Umbilical venous catheter (UVC) insertion is a commonly performed procedure in neonatal intensive care units (NICUs). The placement of the catheter through the umbilical vein is chosen because of the quick and easy access, especially in extremely preterm neonates where peripheral veins are thin and fragile with overlying immature skin.
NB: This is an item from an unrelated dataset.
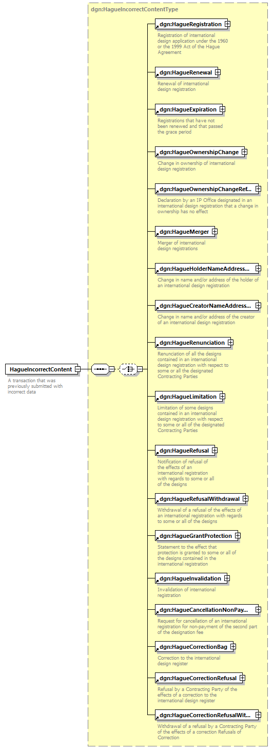 | children | dgn:HagueRegistration dgn:HagueRenewal dgn:HagueExpiration dgn:HagueOwnershipChange dgn:HagueOwnershipChangeRefusal dgn:HagueMerger dgn:HagueHolderNameAddressChange dgn:HagueCreatorNameAddressChange dgn:HagueRenunciation dgn:HagueLimitation dgn:HagueRefusal dgn:HagueRefusalWithdrawal dgn:HagueGrantProtection dgn:HagueInvalidation dgn:HagueCancellationNonPayment dgn:HagueCorrectionBag dgn:HagueCorrectionRefusal dgn:HagueCorrectionRefusalWithdrawal | ||||

The complications associated with UVC insertion are primarily due to its malposition. Often, the umbilical vein is directly visualized, and the catheter is blindly inserted till a predecided length based on the measurement of body dimensions like birth weight or shoulder umbilical length [1‒3]. An observational study was conducted to evaluate the accuracy of 5 different formulae for UVC insertion, and the predicted success rate varied between 44.9% and 55.7%. Also, approximately 50% of UVCs required manipulation to achieve the desired positions [1].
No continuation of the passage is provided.